Statistics rules: pvalue in [0, 1], padj in [0, 1], log2FC in [-50, 50].

Metrics rules: base_mean greater than or equal to zero.

Completeness rules: condition present, accession present.

In our run, two records were quarantined. One had the gene_id INVALID_ID_001 which failed the Ensembl format check. One had an empty gene_name field. Both are real data quality issues that occur in public GEO submissions.

INVALID_ID_001  |  gene_id 'INVALID_ID_001' does not match ENSG + 11 digits pattern
ENSG00000099999 |  gene_name is null or empty

Without the validation engine, both records would have silently entered the downstream analysis. The first would have caused join failures on any operation that assumed Ensembl IDs. The second would have produced unlabelled data points on the volcano plot.

The Two-Threshold Significance Criterion

This is one of the most important design decisions in the processor, and it reflects real RNA-Seq analysis practice.

A gene is considered differentially expressed if and only if two conditions are both true simultaneously:

The adjusted p-value is below 0.05 (standard FDR threshold)
The absolute log2 fold change is greater than 1.0 (corresponding to a two-fold change)

Why both? Because each threshold alone is insufficient.

Statistical significance alone (padj < 0.05) will flag genes whose expression difference is real but biologically trivial. A gene that changes by 3% across all samples with extremely low variance will be statistically significant. Nobody cares about a 3% change.

Biological significance alone (|log2FC| > 1.0) will flag genes whose fold change is large but so variable across samples that the estimate is unreliable. A gene that goes from near-zero to slightly-above-zero in three samples will show an enormous fold change with a terrible p-value.

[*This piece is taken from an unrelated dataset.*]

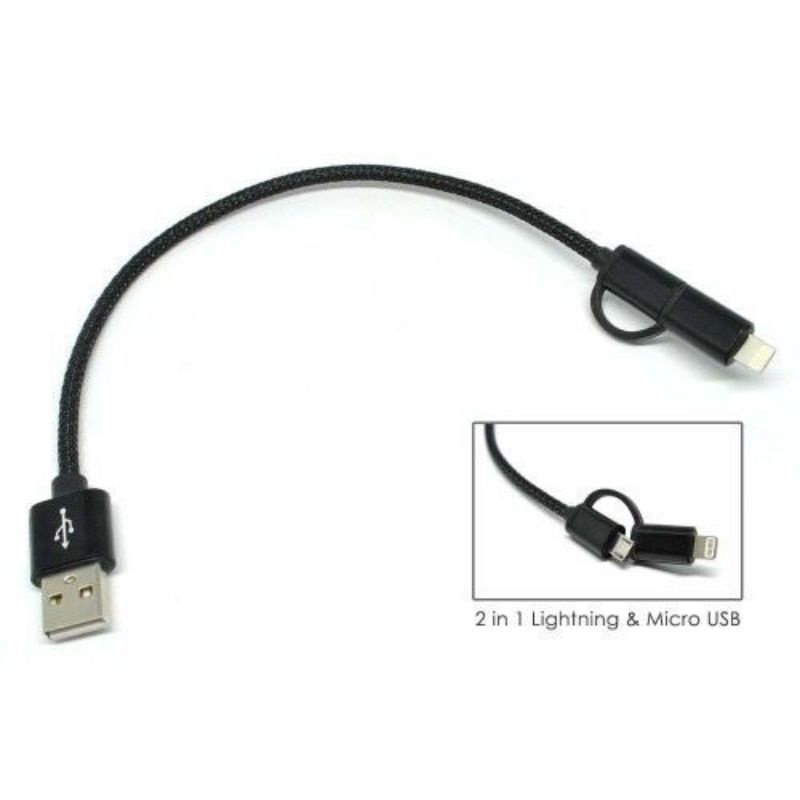 KABEL POWERBANK 2in1 / KABEL POWERBANK MICRO USB DAN LIGHTNING IPHONE - KABEL PENDEK 20cm - KABEL POWERBANK 2in1 - KABEL POWER BANK

The combination filters to genes with both a meaningful effect size and high statistical confidence. This is why the field converged on both thresholds.

PADJ_THRESHOLD = 0.05
LOG2FC_THRESHOLD = 1.0

significant = (padj < PADJ_THRESHOLD) and (abs(log2fc) > LOG2FC_THRESHOLD)

if significant and log2fc > 0:
    regulation = "upregulated"
elif significant and log2fc < 0:
    regulation = "downregulated"
else:
    regulation = "not_significant"

Note the strict inequality on the padj threshold: padj < 0.05, not padj <= 0.05. A gene with padj exactly equal to 0.05 is not considered significant. This is the correct interpretation of the threshold.

The Volcano Plot Coordinate

The volcano plot is the standard visualisation for RNA-Seq DE results. Understanding how the coordinates are computed is important for building it correctly.

The x-axis is log2 fold change. This is already in the data.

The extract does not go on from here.